Line by line, transcribe the data below exactly and pass over the images.
(The data Opens)
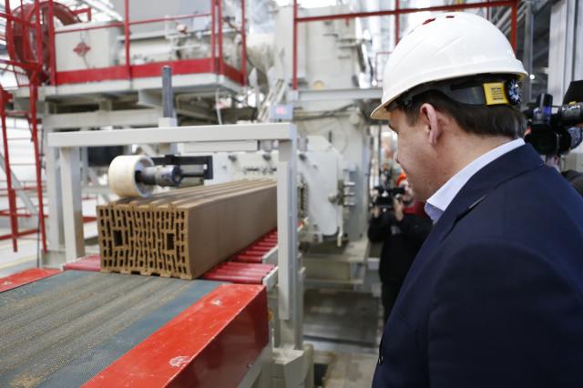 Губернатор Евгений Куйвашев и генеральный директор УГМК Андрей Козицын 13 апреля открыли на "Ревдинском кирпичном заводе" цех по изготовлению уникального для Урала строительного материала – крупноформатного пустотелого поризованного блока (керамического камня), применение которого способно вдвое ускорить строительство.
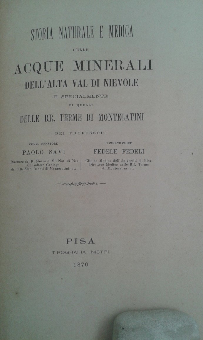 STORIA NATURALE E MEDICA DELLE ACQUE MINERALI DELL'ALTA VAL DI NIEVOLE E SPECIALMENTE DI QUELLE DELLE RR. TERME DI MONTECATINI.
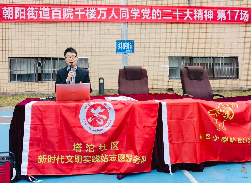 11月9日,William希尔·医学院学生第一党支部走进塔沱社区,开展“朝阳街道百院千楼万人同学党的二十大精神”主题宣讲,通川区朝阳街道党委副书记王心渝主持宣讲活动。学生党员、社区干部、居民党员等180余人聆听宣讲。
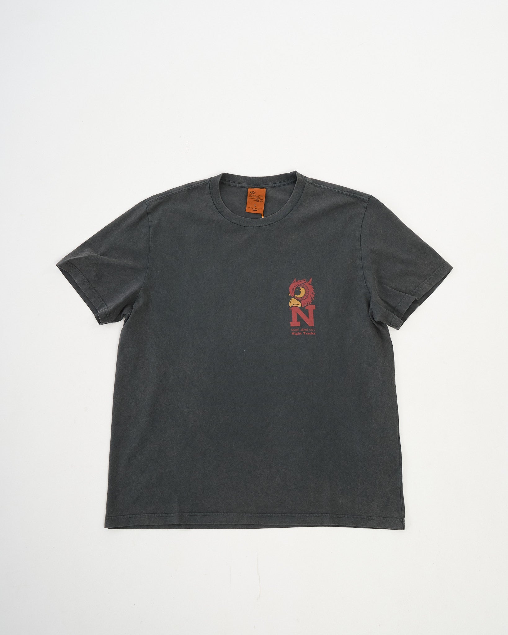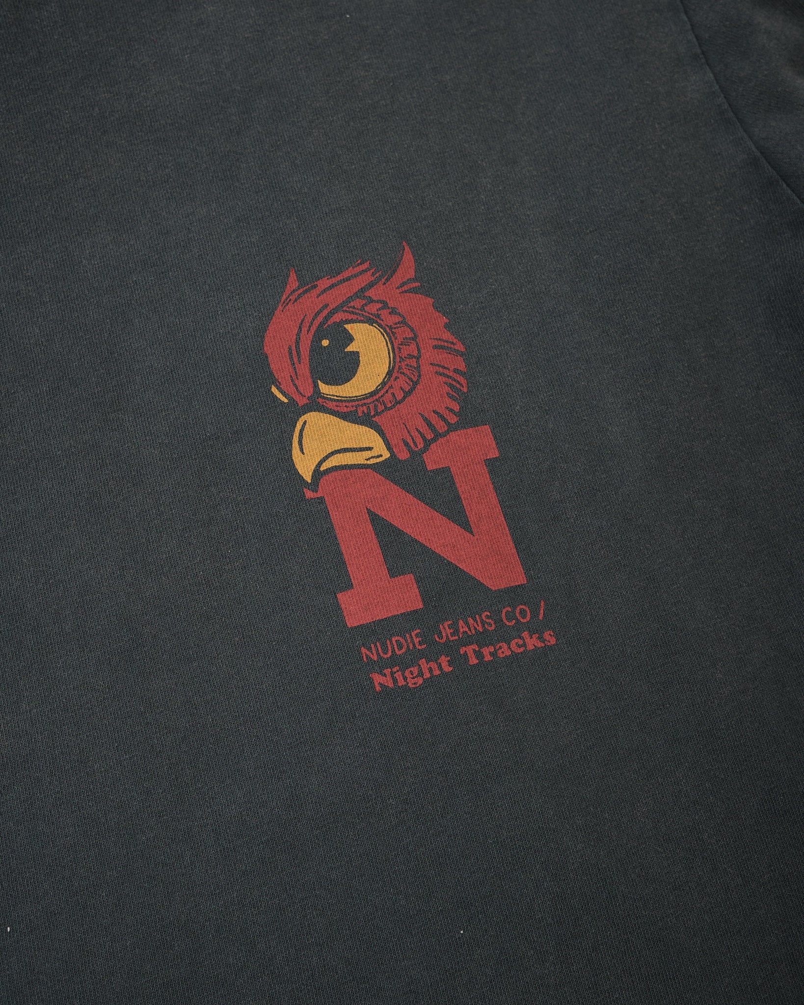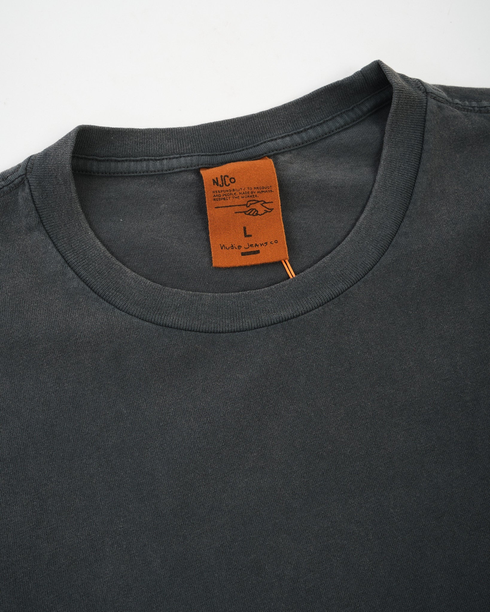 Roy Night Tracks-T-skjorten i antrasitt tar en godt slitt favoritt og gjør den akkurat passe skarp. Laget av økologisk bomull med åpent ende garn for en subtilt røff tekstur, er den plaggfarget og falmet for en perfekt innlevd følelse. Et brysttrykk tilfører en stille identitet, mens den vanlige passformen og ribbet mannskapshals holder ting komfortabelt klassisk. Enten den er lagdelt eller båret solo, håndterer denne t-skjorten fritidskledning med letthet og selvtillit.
(The data Closes)
▶ Task answer
 Губернатор Евгений Куйвашев и генеральный директор УГМК Андрей Козицын 13 апреля открыли на "Ревдинском кирпичном заводе" цех по изготовлению уникального для Урала строительного материала – крупноформатного пустотелого поризованного блока (керамического камня), применение которого способно вдвое ускорить строительство.
 STORIA NATURALE E MEDICA DELLE ACQUE MINERALI DELL'ALTA VAL DI NIEVOLE E SPECIALMENTE DI QUELLE DELLE RR. TERME DI MONTECATINI.
 11月9日,William希尔·医学院学生第一党支部走进塔沱社区,开展“朝阳街道百院千楼万人同学党的二十大精神”主题宣讲,通川区朝阳街道党委副书记王心渝主持宣讲活动。学生党员、社区干部、居民党员等180余人聆听宣讲。
 Roy Night Tracks-T-skjorten i antrasitt tar en godt slitt favoritt og gjør den akkurat passe skarp. Laget av økologisk bomull med åpent ende garn for en subtilt røff tekstur, er den plaggfarget og falmet for en perfekt innlevd følelse. Et brysttrykk tilfører en stille identitet, mens den vanlige passformen og ribbet mannskapshals holder ting komfortabelt klassisk. Enten den er lagdelt eller båret solo, håndterer denne t-skjorten fritidskledning med letthet og selvtillit.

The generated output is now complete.